(Extracted material):
────────

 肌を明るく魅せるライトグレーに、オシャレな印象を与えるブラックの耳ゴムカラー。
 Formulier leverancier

────────

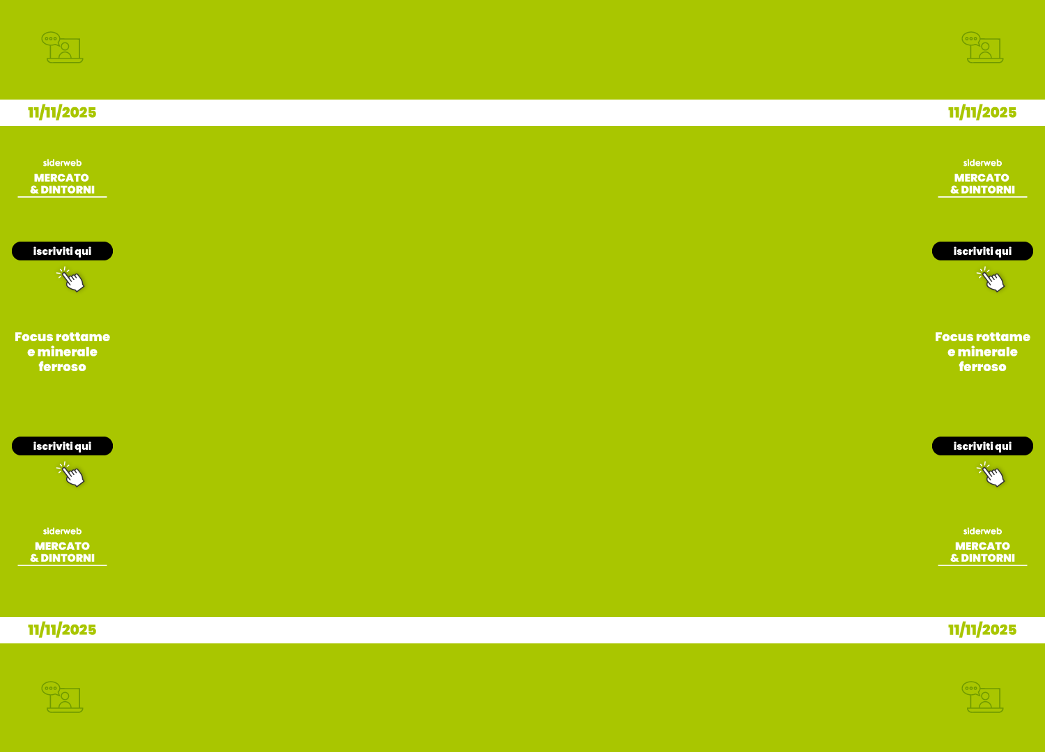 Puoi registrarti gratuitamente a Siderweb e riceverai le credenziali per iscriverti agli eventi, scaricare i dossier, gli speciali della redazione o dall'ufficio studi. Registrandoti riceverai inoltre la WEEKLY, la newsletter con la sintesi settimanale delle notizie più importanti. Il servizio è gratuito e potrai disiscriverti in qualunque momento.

────────

(What the task requires):
In the listing above, find the line containing "肌を明るく魅せるライトグレーに、オシャレな印象を与えるブラックの耳ゴムカラー。" and the line containing "Formulier leverancier". Output them and every line between, exactly, and nothing else.

(The answer):
 肌を明るく魅せるライトグレーに、オシャレな印象を与えるブラックの耳ゴムカラー。
 Formulier leverancier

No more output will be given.